Comment by audiometry

4 years ago

That’s sad, as when you find yourself iterating over rows in pandas you’re almost invariably doing some wrong or very very sub optimally.

To me it's an means to an end. I don't care if my solution takes 100ms instead of 1ms, it's the superior choice for me if it takes me 1 minute to do it instead of 10 minutes to learn something new.

  • True, but sometimes these 10 minutes help you to discover something new that will improve your code.

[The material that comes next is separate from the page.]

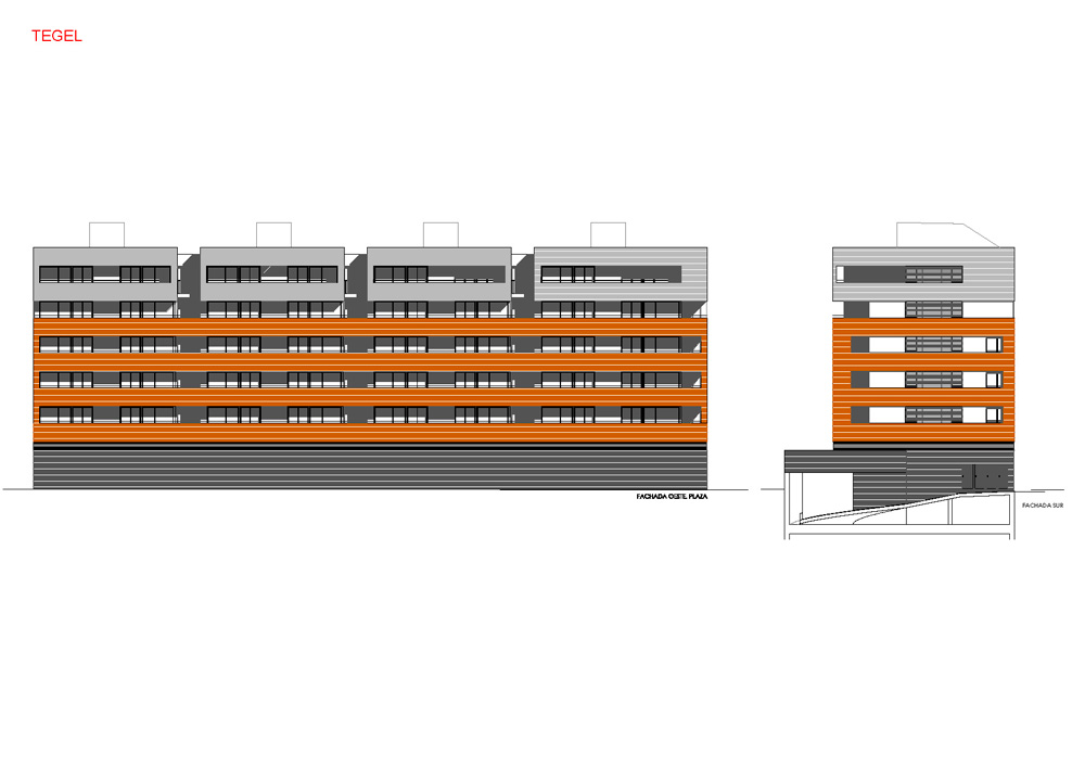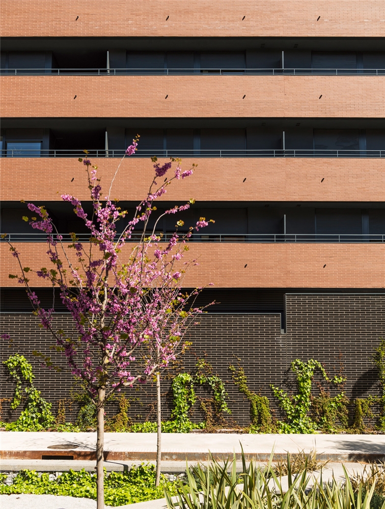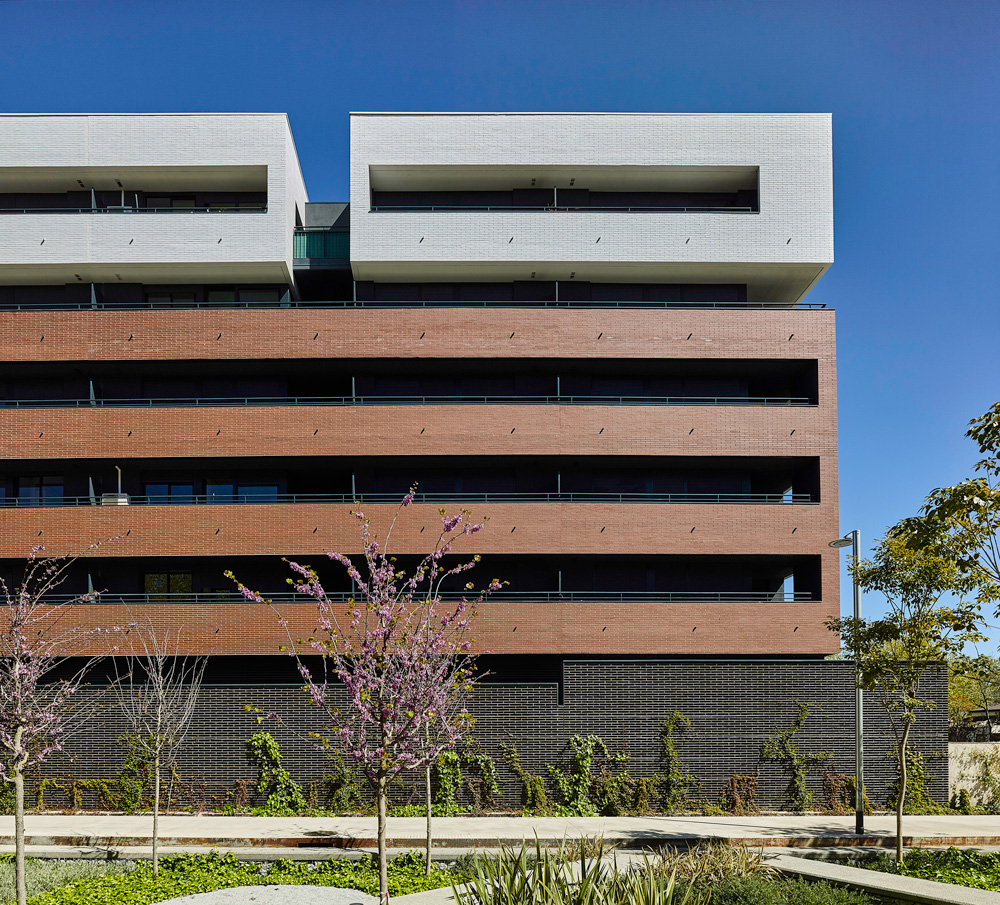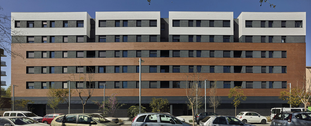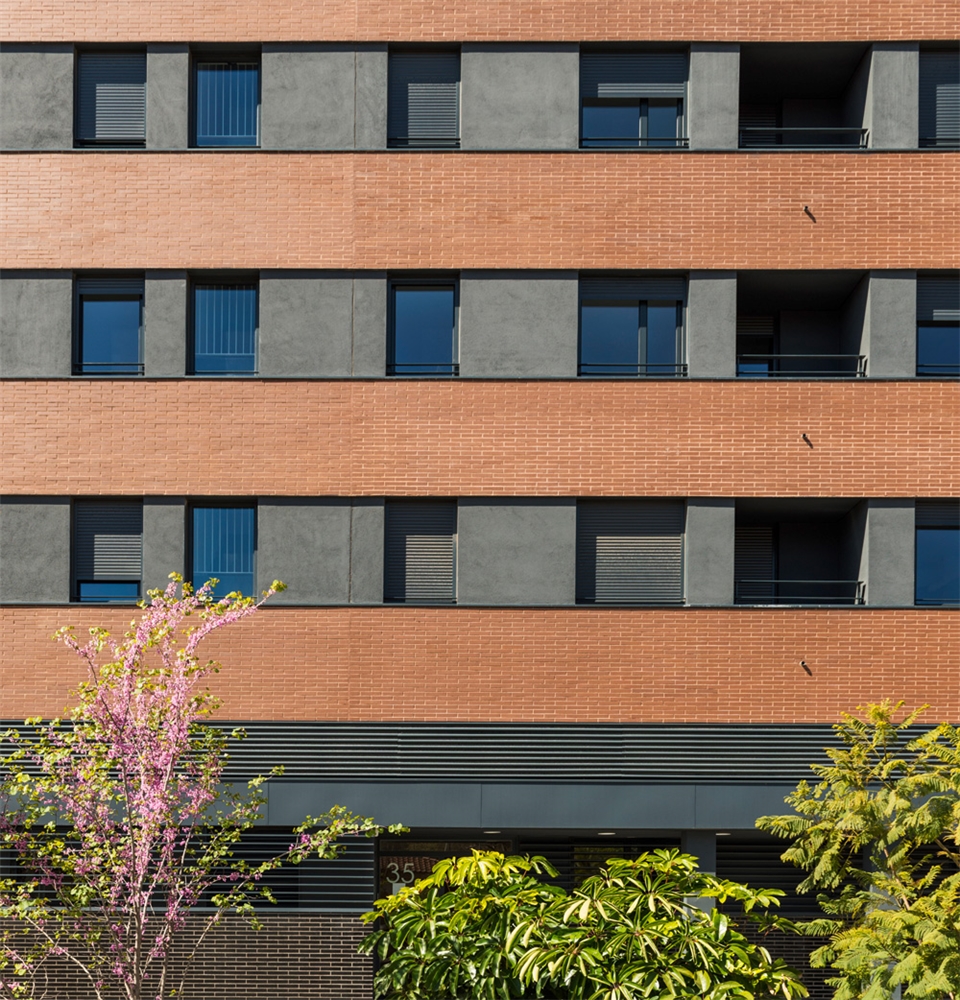 Concebimos el diseño de la siguiente manera: En planta baja, a modo de basamento, con una composición muy opaca, se usa obra vista de color negro brillante. En las primeras cuatro plantas, la obra vista es de color marrón oscuro configurando unas terrazas corridas (a poniente). Es a partir de la planta cuarta que “inventamos” una disposición volumétrica sincopada y forzamos un cambio en el edificio a modo de remate, para variar las proporciones del bloque, haciéndolo más apaisado.

    I had a few of these cases in my life:

    - discovering optimized patterns in Perl, which led to code I could not understand the next day

    - discovering decorators in Python, which led to better code

    - discovering comprehensions in Python (a magical thing) that led to better code, except when I wanted to be too clever and ended up with Perl-like code

I iterate over rows in pandas fairly often for plotting purposes. Anytime I want to draw something more complicated than a single point for each row, I find it's simple and straight-forward to just iterrows() and call the appropriate matplotlib functions for each. It does mean some plots that are conceptually pretty simple end up taking ~5 seconds to draw, but I don't mind. Is there really a better alternative that isn't super complicated? Keep in mind that I frequently change my mind about what I'm plotting, so simple code is really good (it's usually easier to modify) even if it's a little slower.

>That’s sad, as when you find yourself iterating over rows in pandas you’re almost invariably doing some wrong or very very sub optimally.

Humans writing code is suboptimal. I can't wait for the day when robots/AI do it for us. I just hope it leads to a utopia and not a dystopia.

I'm glad that DataFrames don't iterate by default. It's good design to make suboptimal features hard to access.